Probability random sampling of massive data-reservoir Algorithm

Source: Internet
Author: User

The problem originated from Question 10 in programming Pearl column 12, which is described as follows:

How cocould you select one of N objects at random, where you see the objects sequentially but you do not know the value of N beforehand? For concreteness, how wocould you read a text file, and select and print one random line, when you don't know the number of lines in advance?

The problem definition can be simplified as follows: How to randomly extract a row from a file without knowing the total number of objects?

First of all, do we have similar questions? Of course, when we know the number of file lines, we can easily use the rand function of the C Runtime Library to randomly obtain the number of rows, so as to randomly retrieve a row. However, the current situation is that the number of rows is unknown. How can this problem be solved? We need a concept to help us make our conjecture so that the probability of each row is equal, that is, random. This concept is reservoir sampling ).

With this concept, we have a solution: Define the retrieved row number as choice, and take the first row as the row choice for the first time, then, the second time, with a 1/2 probability, determines whether to replace choice with the second line, and the third time, with a 1/3 probability, determines whether to replace choice with the third line ......, And so on.

This method is ingenious because a method is successfully constructed to prove that the probability of each row is 1/N (where N is the number of files scanned currently ), in other words, the probability of each row is equal, that is, the random selection is completed.

Looking back at this issue, we can expand it,That is, how to randomly retrieve K numbers from an unknown or large sample space?

By analogy, we can get the answer: Put the first K number into the reservoir. For k + 1, we will decide whether to change it into the reservoir by K/(k + 1) probability, during the change, a random replacement item is selected as the replacement item. This will continue. For any sample space N, the probability of selecting each number is k/n. That is to say, the probability of selecting each number is equal.
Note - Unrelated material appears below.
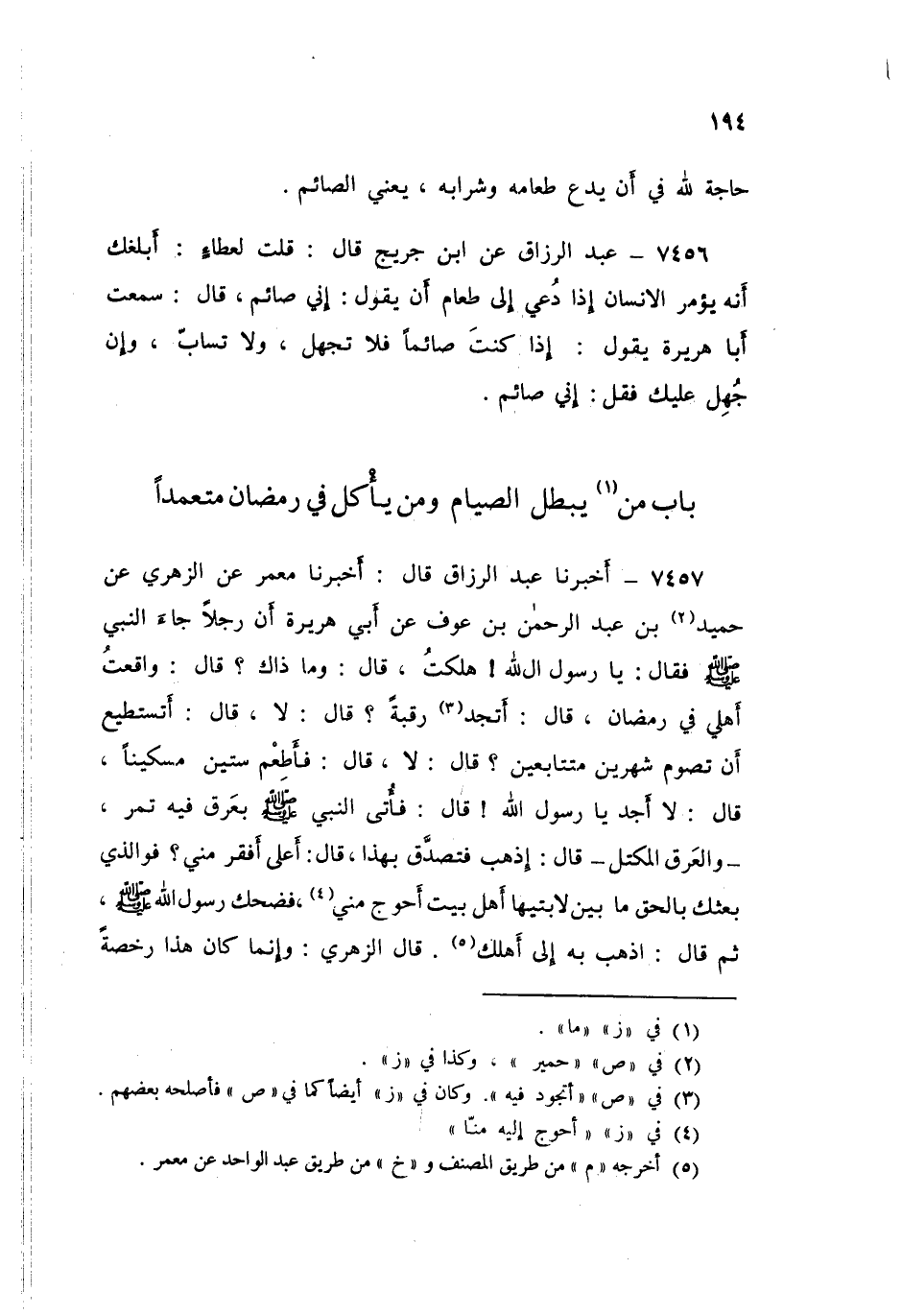 7457 - أَخْبَرَنَا عَبْدُ الرَّزَّاقِ قَالَ: أَخْبَرَنَا مَعْمَرٌ، عَنِ الزُّهْرِيِّ، عَنْ حُمَيْدِ بْنِ عَبْدِ الرَّحْمَنِ بْنِ عَوْفٍ، عَنْ أَبِي هُرَيْرَةَ، أَنَّ رَجُلًا جَاءَ النَّبِيَّ صَلَّى اللهُ عَلَيْهِ وَسَلَّمَ، فَقَالَ: يَا رَسُولَ اللَّهِ ، هَلَكْتُ قَالَ: «وَمَا ذَاكَ؟» قَالَ: وَاقَعْتُ أَهْلِي فِي رَمَضَانَ قَالَ: «أَتَجِدُ رَقَبَةً» قَالَ: لَا قَالَ: «§أَتَسْتَطِيعُ أَنْ تَصُومَ شَهْرَيْنِ مُتَتَابِعَيْنِ؟» قَالَ: لَا قَالَ: «فَأَطْعِمْ سِتِّينَ مِسْكِينًا» قَالَ: لَا أَجِدُ يَا رَسُولَ اللَّهِ قَالَ: " فَأَتَى النَّبِيُّ صَلَّى اللهُ عَلَيْهِ وَسَلَّمَ بَعَرَقٍ، فِيهِ تَمْرٌ - وَالْعَرَقُ الْمِكْتَلُ - قَالَ: اذْهَبْ فَتَصَدَّقْ بِهَذَا " قَالَ: أَعَلَى أَفْقَرَ مِنِّي، فَوَالَّذِي بَعَثَكَ بَالْحَقِّ، مَا بَيْنَ لَابَتَيْهَا أَهْلُ بَيْتٍ أَحْوَجُ مِنِّي، فَضَحِكَ رَسُولُ اللَّهِ صَلَّى اللهُ عَلَيْهِ وَسَلَّمَ، ثُمَّ قَالَ: «اذْهَبْ بِهِ إِلَى أَهْلِكَ»، قَالَ الزُّهْرِيُّ: «وَإِنَّمَا كَانَ هَذَا رُخْصَةً -[195]- لِلرَّجُلِ خَاصَّةً، وَلَوْ أَنَّ رَجُلًا فَعَلَ ذَلِكَ الْيَوْمَ لَمْ يَكُنْ بُدٌّ مِنَ التَّكْفِيرِ»

For more information, see [1].

 

Reference

[1] reservoir sampling-reservoir sample http://www.cnblogs.com/HappyAngel/archive/2011/02/07/1949762.html

Contact Us

The content source of this page is from Internet, which doesn't represent Alibaba Cloud's opinion; products and services mentioned on that page don't have any relationship with Alibaba Cloud. If the content of the page makes you feel confusing, please write us an email, we will handle the problem within 5 days after receiving your email.

If you find any instances of plagiarism from the community, please send an email to: info-contact@alibabacloud.com and provide relevant evidence. A staff member will contact you within 5 working days.

A Free Trial That Lets You Build Big!

Start building with 50+ products and up to 12 months usage for Elastic Compute Service

  • Sales Support

    1 on 1 presale consultation

  • After-Sales Support

    24/7 Technical Support 6 Free Tickets per Quarter Faster Response

  • Alibaba Cloud offers highly flexible support services tailored to meet your exact needs.